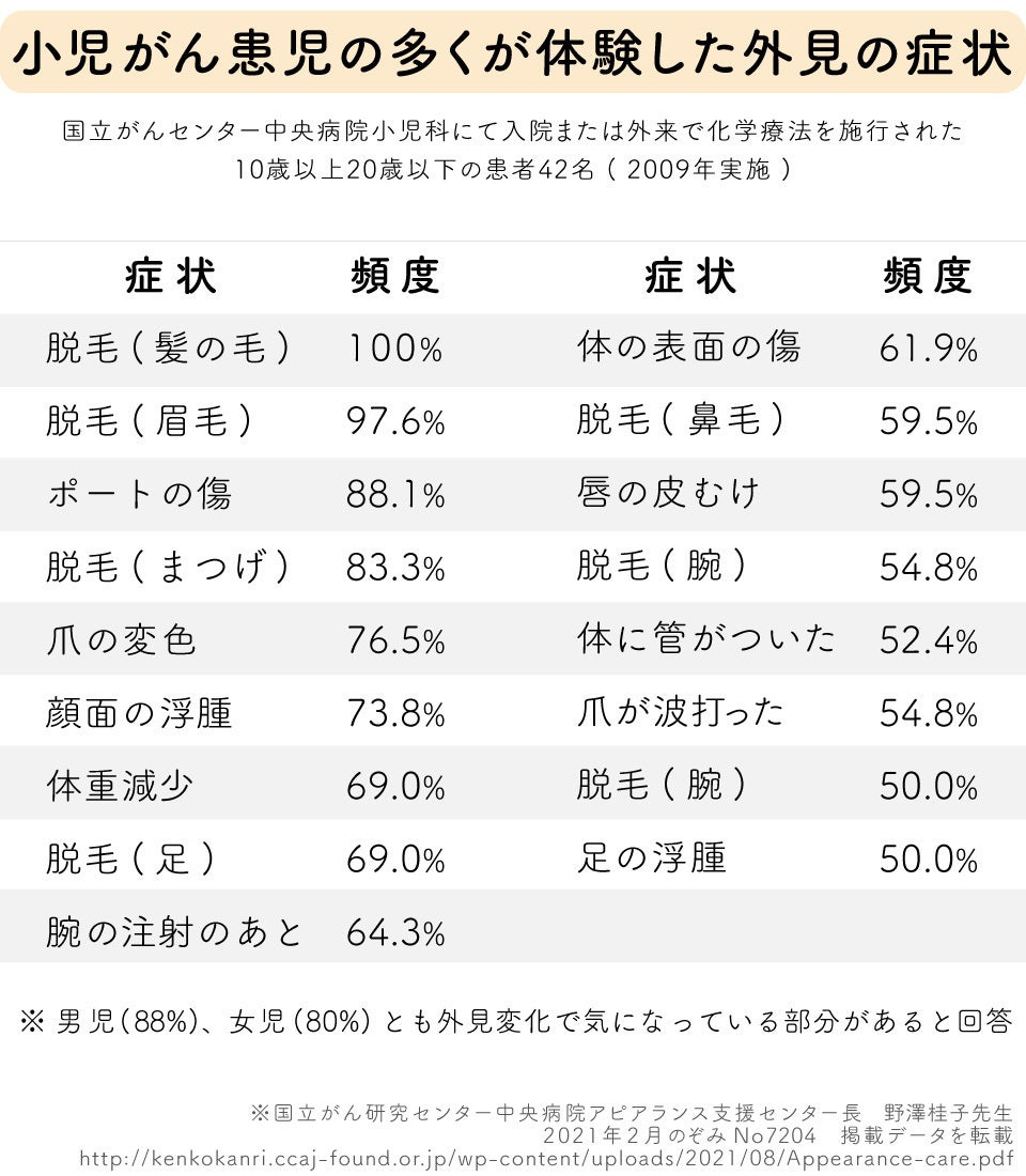 上記の表からもわかるように、小児がん患児の100%が脱毛を経験しています。
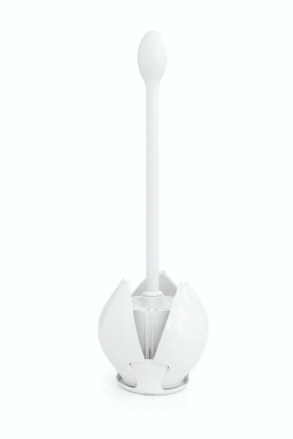 Plastic toilet brush with unique lotus inspired opening function. Designed to modernise the bathroom while keeping it clean at the same time.
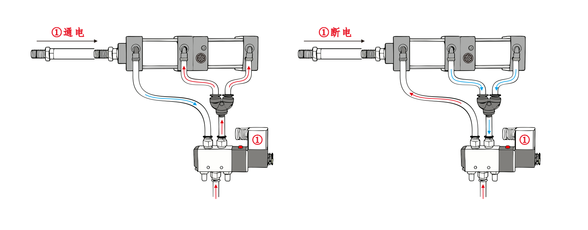 Magnetventil nr. 1 og nr. 2 er begge strømløse, og cylinderen trækkes helt tilbage.
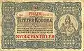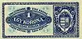 | 1 korona | 129 × 65 mm | Female model | Value in Hungarian and 5 foreign languages | 11 July 1921 | 30 June 1927 | ||
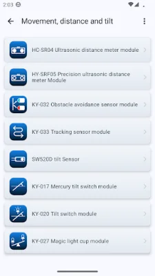 The hardware examples covered in the app include LEDs, buttons, serial ports, motors, timers, sensors for light, distance, vibration, temperature, humidity, and more. It also includes modules for sound, displacement, infrared, magnetic fields, touch, tracking, flame detection, and heartbeat sensing. Additionally, there are examples for LED modules, buttons, joysticks, and relays.
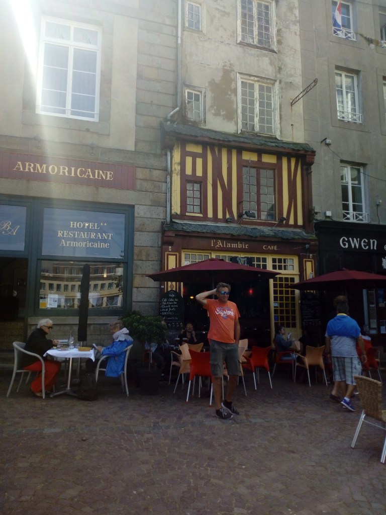 Dus uitgeweken naar Cherbourg waar Hans en Björn op verkenning gaan. Met de bijboot. Die we afgetankt hebben met bromfietsbrandstof bij een tankstation. Met een mengverhouding van 1:50. Daarmee halen zij de díchtstbijzijnde oever, waarna ook dit stukje techniek de geest geeft. Want een probleem komt nooit alleen; een probleem komt met z’n drieën! En já hoor: marinebasis. Of we wel even héél snel op willen hoepelen. Lastig… Tenzij de heer oberstuurmanführer zo goed zou willen zijn om ons van een mengverhouding van 1:100 te voorzien. Pas de problème. Bien sûr, maintenant. Opgelost!
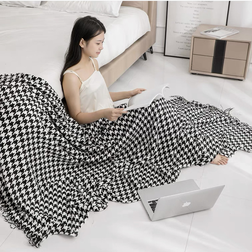 北欧千鸟格沙发毯盖毯针织毛毯空调午睡毯床尾民宿装饰搭毯床尾巾
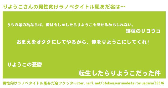 | ヘコむあだ名 | 『豆乳』『りよにー』『りよを』 |
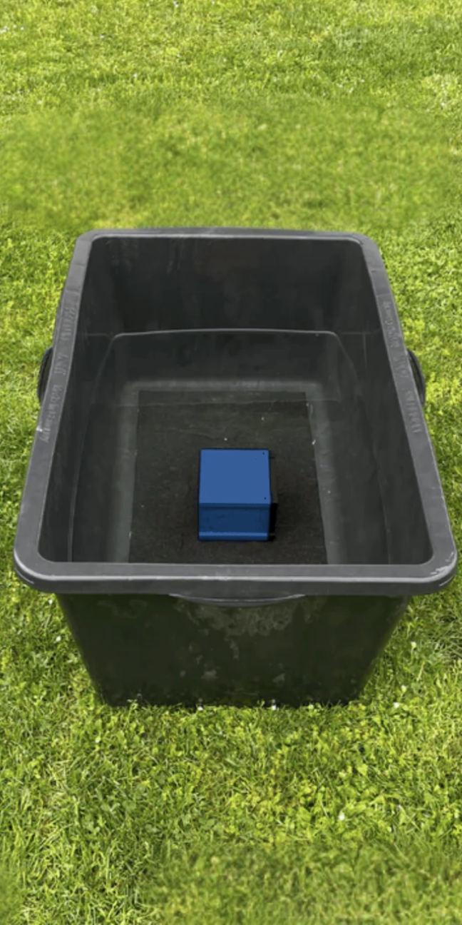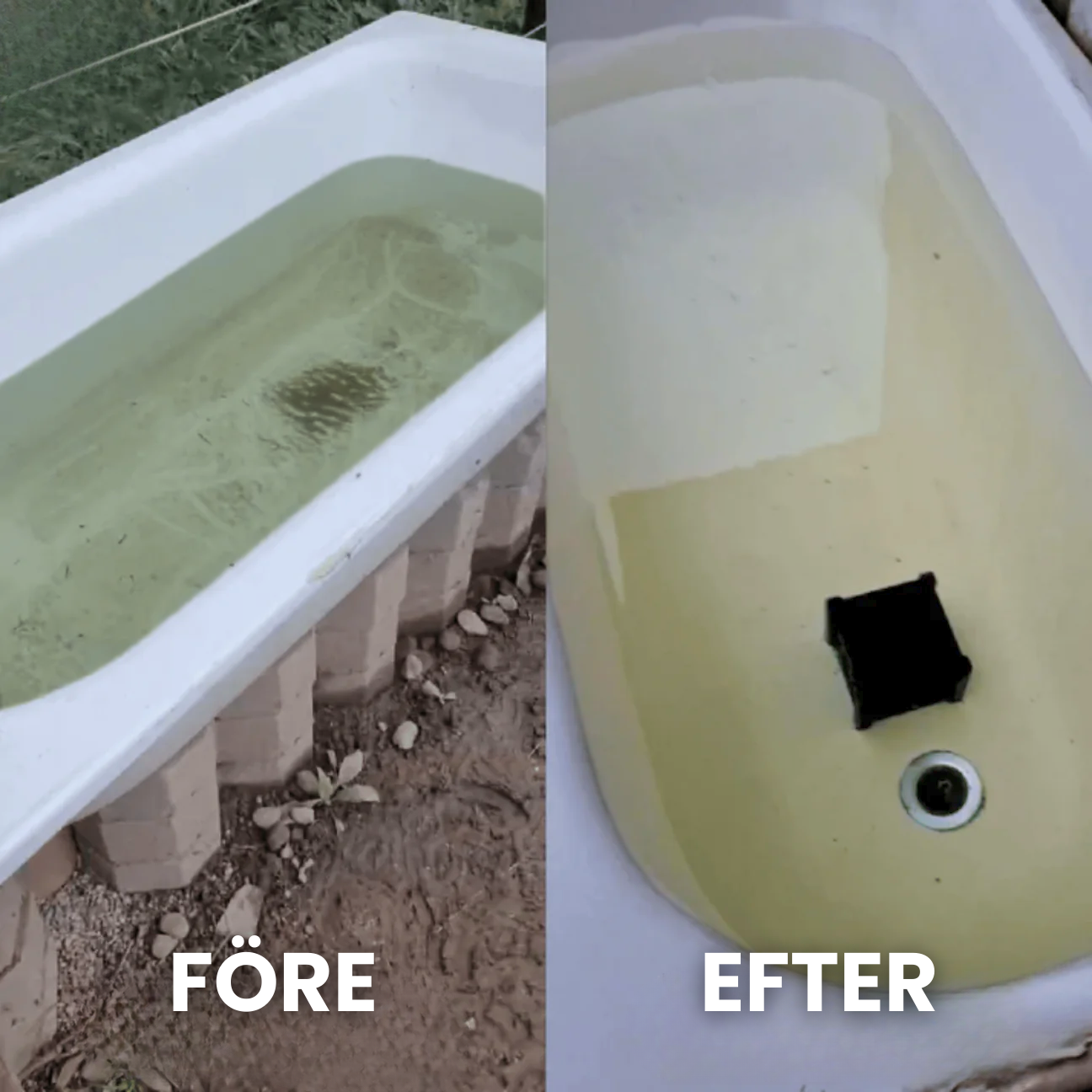 LÀgg ner kuben med den svarta delen Ät sidan (inte uppÄt) i hÀstarnas vattenkar. Den börjar rena och cirkulera vattnet direkt, inga extra steg krÀvs.
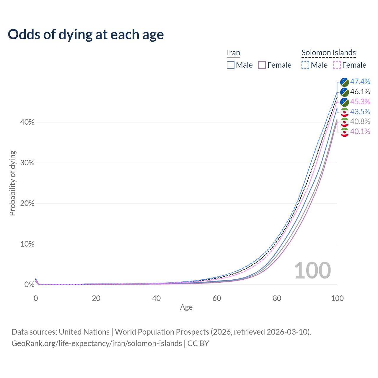 This life expectancy calculator shows the odds of living to 100, 95, 90, and below based on current age for both males and females in Iran and the Solomon Islands, along with mean and median age of death. The calculations are based on the 2026 life tables (actuarial tables) from the UN World Population Prospects.
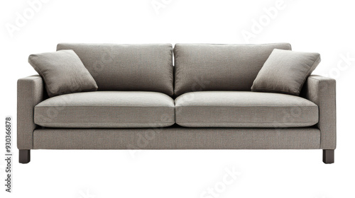 Contemporary Sofa with Clean Lines and Matching Cushions isolated on white background, PNG file, graphic resources
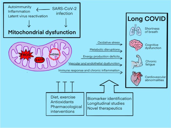 3) ...and muscle weakness through mechanisms like reduced energy production and increased oxidative stress. Evidence of mitochondrial dysfunction in long COVID comes from studies showing abnormalities in mitochondrial respiration, gene expression, and ...
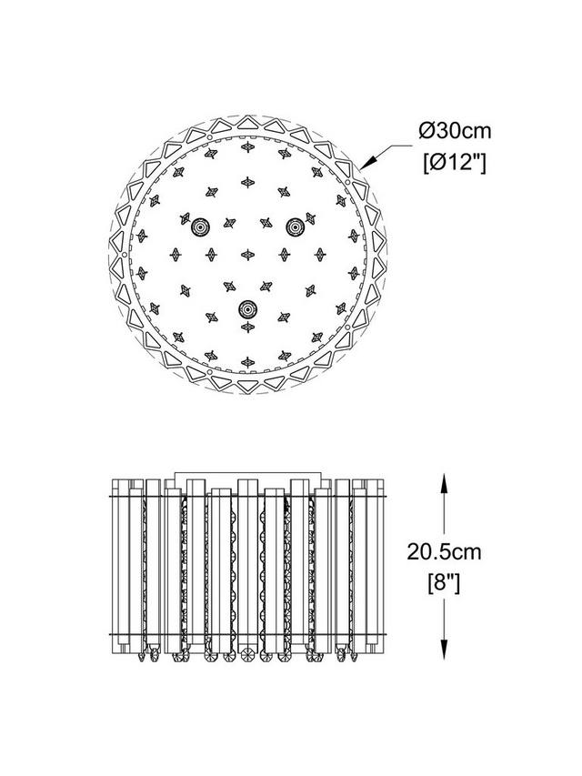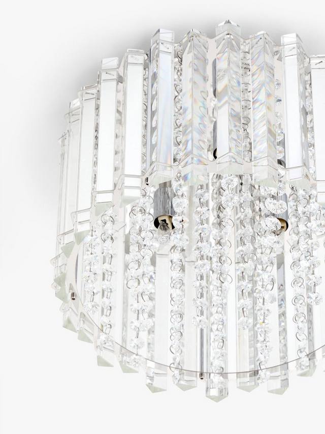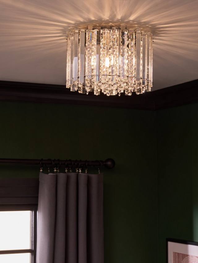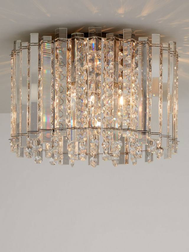 Этот гранёный, полузакрытый потолочный светильник, создающий ослепительный акцент в любой комнате, создан с использованием вертикально расположенных зеркальных полос и кристаллов. Свет исходит из центра и отражается от кристаллов, создавая мерцающий поток света. Его привлекающий внимание дизайн подходит для размещения вплотную к потолку и дополнит изысканный интерьер.
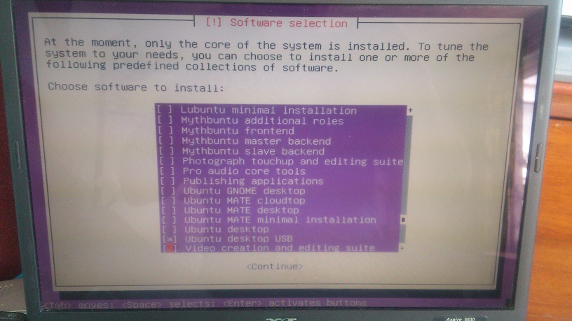 /dev/sda1 tasksel
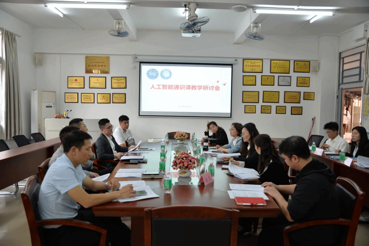 参加本次研讨会的有太阳集团tcy8722教务处处长张俊林,副处长陈木荣,太阳网集团tcy8722院长林显宁,副院长刘建友,副院长徐礼金以及各教研室主任,围绕人工智能通识课的教学展开热烈研讨。

○ ○ ○ ○ ○ ○ ○

* _TASK DESCRIPTION_
Print once more, exactly, the lines that start at the top of the records above and end at the line with "The hardware examples", skipping all pictures.

* _EXERCISE ANSWER_
 上記の表からもわかるように、小児がん患児の100%が脱毛を経験しています。
 Plastic toilet brush with unique lotus inspired opening function. Designed to modernise the bathroom while keeping it clean at the same time.
 Magnetventil nr. 1 og nr. 2 er begge strømløse, og cylinderen trækkes helt tilbage.
 | 1 korona | 129 × 65 mm | Female model | Value in Hungarian and 5 foreign languages | 11 July 1921 | 30 June 1927 | ||
 The hardware examples covered in the app include LEDs, buttons, serial ports, motors, timers, sensors for light, distance, vibration, temperature, humidity, and more. It also includes modules for sound, displacement, infrared, magnetic fields, touch, tracking, flame detection, and heartbeat sensing. Additionally, there are examples for LED modules, buttons, joysticks, and relays.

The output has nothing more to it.